L’ex presidente della Bolivia Evo Morales torna a parlare dal suo esilio in Argentina, a pochi mesi dalla prossima tornata elettorale volta a dare un nuovo governo eletto al Paese, dopo la fase di transizione guidata da Jeanine Anez.

Nella sua intervista alla testata giornalistica francese Le Monde, l’ex leader del Mas ha espresso la propria posizione riguardo all’attuale gestione del sistema politico boliviano ed ha espresso i suoi dubbi circa la legittimità della prossima tornata elettorale, nella quale concorrerà per un posto in qualità di senatore. Nonostante la sua attuale condizione di esilio volontario lo abbia tenuto lontano dalle strade e dalle piazze che hanno contribuito alla sua ascesa politica, la speranza di tornare ancora una volta ad occupare un posto di rilevanza nella politica dell Bolivia è ancora viva, nell’attesa che l’attuale situazione si stabilizzi.

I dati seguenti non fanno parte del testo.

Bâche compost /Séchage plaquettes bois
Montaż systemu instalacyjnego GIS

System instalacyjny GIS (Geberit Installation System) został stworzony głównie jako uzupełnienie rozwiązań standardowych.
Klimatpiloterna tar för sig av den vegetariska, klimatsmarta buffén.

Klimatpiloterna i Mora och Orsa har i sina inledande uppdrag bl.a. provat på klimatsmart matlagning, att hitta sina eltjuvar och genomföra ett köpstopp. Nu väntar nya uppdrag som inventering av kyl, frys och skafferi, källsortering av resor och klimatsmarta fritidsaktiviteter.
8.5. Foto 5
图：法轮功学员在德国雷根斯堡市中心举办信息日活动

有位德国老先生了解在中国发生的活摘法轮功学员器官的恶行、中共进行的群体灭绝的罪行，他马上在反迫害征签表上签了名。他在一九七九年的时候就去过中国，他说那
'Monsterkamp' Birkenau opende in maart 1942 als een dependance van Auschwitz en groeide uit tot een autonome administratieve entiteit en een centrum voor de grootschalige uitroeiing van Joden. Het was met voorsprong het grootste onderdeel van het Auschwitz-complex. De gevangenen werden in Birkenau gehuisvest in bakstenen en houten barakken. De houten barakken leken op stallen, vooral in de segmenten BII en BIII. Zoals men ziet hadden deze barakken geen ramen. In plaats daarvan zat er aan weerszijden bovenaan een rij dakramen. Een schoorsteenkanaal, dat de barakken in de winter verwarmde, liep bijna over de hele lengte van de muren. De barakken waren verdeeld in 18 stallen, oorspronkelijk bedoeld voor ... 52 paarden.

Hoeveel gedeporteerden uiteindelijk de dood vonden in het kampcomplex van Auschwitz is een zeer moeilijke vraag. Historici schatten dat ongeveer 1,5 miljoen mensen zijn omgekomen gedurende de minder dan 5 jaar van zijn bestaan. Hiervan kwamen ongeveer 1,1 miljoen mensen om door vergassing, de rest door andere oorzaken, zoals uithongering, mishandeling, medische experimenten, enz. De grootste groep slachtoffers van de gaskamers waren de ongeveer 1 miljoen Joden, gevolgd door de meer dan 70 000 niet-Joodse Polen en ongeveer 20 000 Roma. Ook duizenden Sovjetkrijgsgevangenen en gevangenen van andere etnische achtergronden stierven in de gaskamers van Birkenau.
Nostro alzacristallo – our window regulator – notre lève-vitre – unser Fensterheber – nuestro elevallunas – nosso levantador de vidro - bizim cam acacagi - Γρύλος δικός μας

La critica agli Stati Uniti

Dalla sua base in Argentina, Morales ha espresso la propria rabbia verso l’attuale governo di transizione della Anez, accusando l’attuale presidentessa di aver ordito un colpo di stato nei suoi confronti, con il sostegno degli Stati Uniti. Quest’ultimi avrebbero – secondo Morales – fatto nel suo Paese la stessa cosa che senza successo hanno provato a fare con il Venezuela di Nicolas Maduro, rovesciando il governo eletto per instaurare una dittatura cui obiettivi fossero maggiormente in linea con le volontà del Pentagono.

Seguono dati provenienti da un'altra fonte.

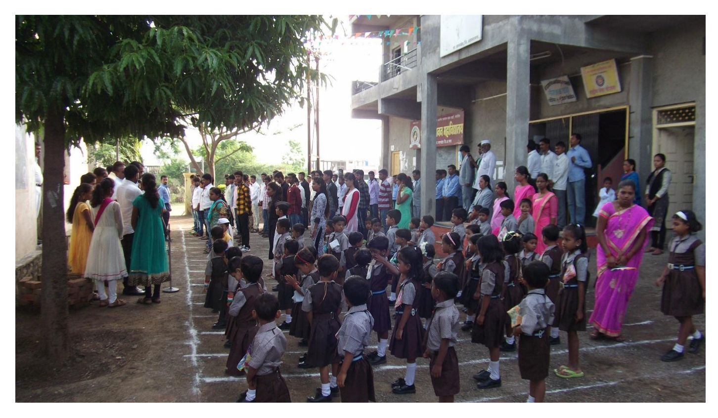
Celebrating Independence Day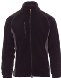
ASPEN+ ITEM CODE 001004-0069 COLOR CODE 14023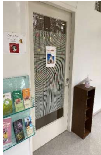
こころの休憩室出入口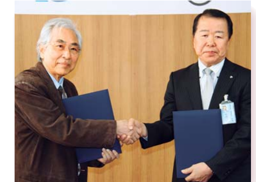
芸西村との連携協定締結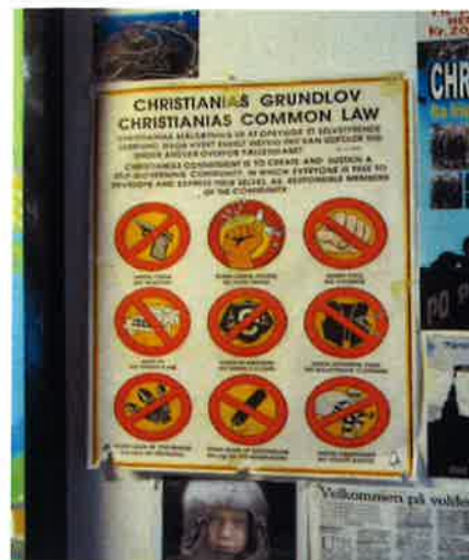
Fra skovturen 2010 Christiania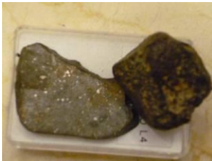
Lititos: Condrita y Acondrita

Hay tres tipos principales de meteoritos Aerolitos, formados principalmente de roca. Los Sideritos en los que predomina el hierro y el níquel y los Siderolitos , que son una mezcla de hierro y roca. Si queremos ser buscadores de meteoritos debemos empezar por los Sideritos . Los Aerolitos se dividen en Condritas y Acondritas y estos últimos al ser rocosos son difíciles de identificar. Son como una piedrecita o roca más a los ojos de personas no expertas. Las Concritas contienen hierro y níquel en pequeñas proporciones y de su composición se establece una larga clasificación.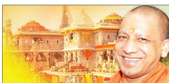
विकास परियोजनाओं पर निर्माण कार्य प्रारम्भ कराया जा रहा है, जिन

टीम एक्शन इंडिया लखनऊ: मुख्यमंत्री योगी आदित्यनाथ के नेतृत्व में उत्तर प्रदेश सरकार प्रदेश के धार्मिक, सांस्कृतिक और पर्यटन स्थलों को विश्वस्तरीय सुविधाओं से जोड़ने की दिशा में लगातार आगे बढ़ रही है। इसी क्रम में पर्यटन विभाग ने 31 मार्च 2026 तक स्वीकृत परियोजनाओं पर तेजी से कार्रवाई शुरू कर दी है। प्रदेश के 8 जिलों में 33 पर्यटन एवं धार्मिक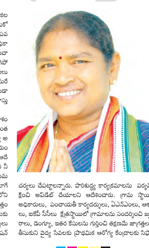
చర్యలు చేపట్టాలన్నారు. పాఠశుద్ధ్య కార్యక్రమాలను పర్యేక్షించి అవినీతి చేయాలని ఆదేశించారు. గ్రామ స్థాయి అధికారులు, పంచాయితీ కార్యదర్శులు, ఎంపీఎంల, ఆశా లు, ఇకపీ సీలెలు క్రైతస్థాయిలో గ్రామాలను సందర్శించి జ్యరాలు, డెంగ్యూ, ఇతర కేసులను గుర్తించి తక్షణమే జాగ్రత్తలు తీసుకుని వైద్య సేవలకు ప్రాథమిక ఆరోగ్య కేంద్రాలకు సిఫా

లకు అందుబాటులో వుంటూ, ఎటువంటి అటంకాలు కలగకుండా తక్షణమే పర్యేక్షించి ముందస్తు చర్యలు తీసుకోవాలని అధికారులకు సూచించారు. అలాగే ఉధృతంగా ప్రవహించే వారుల వద్ద సంకేత బోర్డు లు పెట్టాలన్నారు. అధికారులు 24 గంటలు అందుబాటులో ఉండి సేవలు అందించాలని కోరారు. జిల్లాలో ఎక్కడైనా వరద ఉధృత రోడ్లు తగిలిపోయిన, ఉధృతంగా ప్రవహించేనా అక్కడికి ఆ గ్రామ ప్రజలు వెళ్లవద్దని, రెండు దిక్కులా బారకెడ్లు, ఫ్లాస్క్ కోస్, రైడి మర ఇతర పరికరాలు ఏర్పాటు చేసి ప్రమాదాల భారిన పడకుండా జాగ్రత్త చర్యలు తీసుకుంటు. పోలీస్ బందోబస్తు నిర్వహిస్తున్నారని అన్నారు. వర్షాలకు లోతట్టు ప్రాంతాలు జలమయమయ్యే అవకాశం ఉంటుంది కాబట్టి రోడ్లు రవాణా, విద్యుత్ సరఫరాలో అంతరాయం ఏర్పడి ప్రజలు ఇబ్బందులు పడకుండా రెవెన్యూ అధికారులు విద్యుత్, ఆర్ & బీ శాఖ అధికారుల సమన్వయంతో ముందస్తు జాగ్రత్త చర్యలు తీసుకోవాలి అంటే ఆదేశించారు. జిల్లాలోని చెరువులు, కుంటలు, ప్రోజెక్ట్ లలోని నీటి మట్టాలను ఎప్పుడీ కట్టడు గమనిస్తూ ప్రజలను అప్రమత్తం చేస్తూ చర్యలు చేపడుతున్నామని తెలిపారు. అలాగే గ్రామాల్లో పంచాయితీ సెక్రటరీ లు సైతం తమ పరిధిలోని చెరువుల నీటి మట్టాలను గమనిస్తూ, ప్రజలను అప్రమత్తం చేయాలన్నారు. ప్రజల అత్యవసరం అయితే తప్ప బయటకు వెళ్లొద్దని సూచించారు. గ్రామాల్లో పంచాయితీ కార్యదర్శులు తక్షణమే పాఠశుద్ధ్య కార్యక్రమాలను ప్రారంభించి క్రోవేషన్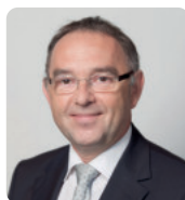
Dr. Norbert Walter-Borjans Parteivorsitzender der SPD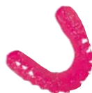
Férulas indicadoras Material: BRUX CHECKER® (rojo)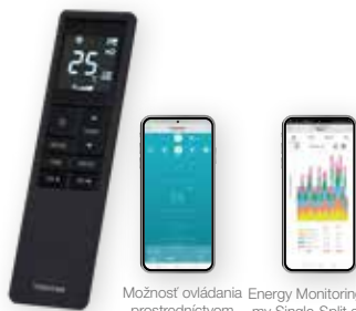
Možnosť ovládania prostredníctvom aplikácie Energy Monitoring pre systémy Single-Split a Multi Next Komfortné infračervené diaľkové ovládanie s podsvieteným displejom a týždenným časovačom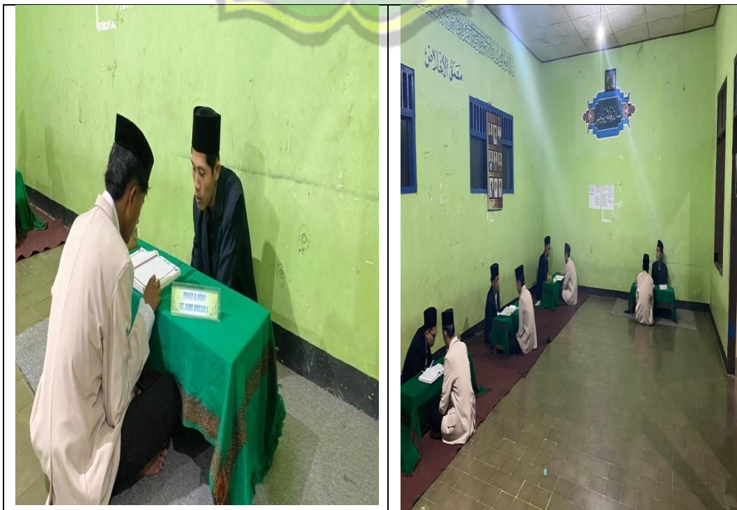
Pelaksanaan ujian Al – Qur'an santri El - Yamin kepada Dewan Penguji Al – Qur'an lembaga Ma'hadiyah PIP Tremas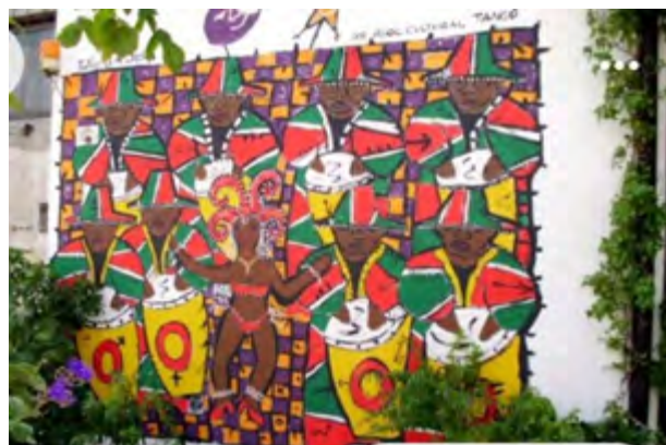
Peatonal del Candombe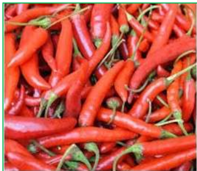
辛辣椒能製香料也有藥用

不少人喜歡吃『辛辣麵』，特別是來自韓國的品牌，如在烹調時加入適量的青菜不單增強食物的營養成份，同時可以減輕它的辣度，若再加上一點肉末，便可以為我們提供了一頓午餐。南亞和東南亞國家，如印度、泰國、印尼和中國，由於盛產能附加於膳食的香料都廣泛使用這些天然香料，得以調製不少以濃郁味道而聞名的〈菜式〉。這些國家都是發展中國家，特別在上世紀的時候，受戰爭和殖民政府的管治，人民生活頗為艱苦，這些國民除了使用本地生產價廉的香料，來豐富飯食的質量，也可以透過香料貿易來提升經濟，讓人體會創造主『...不偏待人(包括窮人)』的部份意義，只要使用合宜，山野間都充滿寶物。

Secondo la sua visione, Washington sarebbe alla base delle destabilizzazione che stanno colpendo i Paesi dell’America latina non allineati con le sue posizioni, come appunto la Bolivia ed il Venezuela, arrivando a promuovere una serie di golpe come nello scorso secolo. Tuttavia, il popolo della Bolivia non si lascerà sottomettere alle ingerenze estere ed il suo partito non ha nulla da temere nella fiducia della popolazione, come evidenziato dalle ultime elezioni che, nonostante l’accusa di brogli, si sono rivelate un plebiscito. Ed una volta che un esponente del Mas verrà rieletto, potrà pensare a fare finalmente rientro nel Paese, abbandonando la vita da nomade negli ultimi mesi.

In Bolivia non c’è libertà di espressione

Le critiche al governo (dittatura, stando alle sue parole) sono state rivolte anche in seguito all’arresto del candidato Gustavo Torrico, attivista del Mas di lunga data e fedelissimo di Morales. In questo scenario, secondo le sue parole, le più basilari libertà di espressione non sono garantite e l’opposizione politica che ancora lo sostiene viene arrestata indiscriminatamente. Tutto questo, in ultima istanza, non giova alla già in crisi democrazia del Paese, che potrà stabilizzarsi soltanto a seguito di nuove elezioni.

Dopo non aver commentato la scelta di Anez di correre alle proprie presidenziali, Morales si è ancora soffermato sulla spaccatura nella gestione della crisi successiva alle dimissioni del suo partito, che in parte ha riconosciuto il nuovo governo di transizione. Secondo lui la scelta, benché effettuata a fin di bene, non farebbe altro che legittimare un governo non riconosciuto, non votato e soprattutto alla mercé degli interessi stranieri, mentre il Paese dovrebbe tornare a fare l’interesse del popolo e dei lavoratori.

Mas è l’unico difensore degli indigeni

In questo scenario, Mas si dovrebbe ergere come unico difensore dei diritti della popolazione indigena della Bolivia, per evitare che anche la Bolivia cada nelle logiche internazionali che porterebbero alla distruzione del suo apparato economico. Sotto il suo governo, stando a quanto riferito a Le Monde, il Paese avrebbe attraversato un periodo di crescita economica e di accresciuta prosperità. I nuovi indirizzi presi dal governo di transizione ed una sua eventuale elezione definitiva rischiano invece di invertire la tendenza, facendo cadere La Paz nel baratro dell’incertezza verso il proprio futuro.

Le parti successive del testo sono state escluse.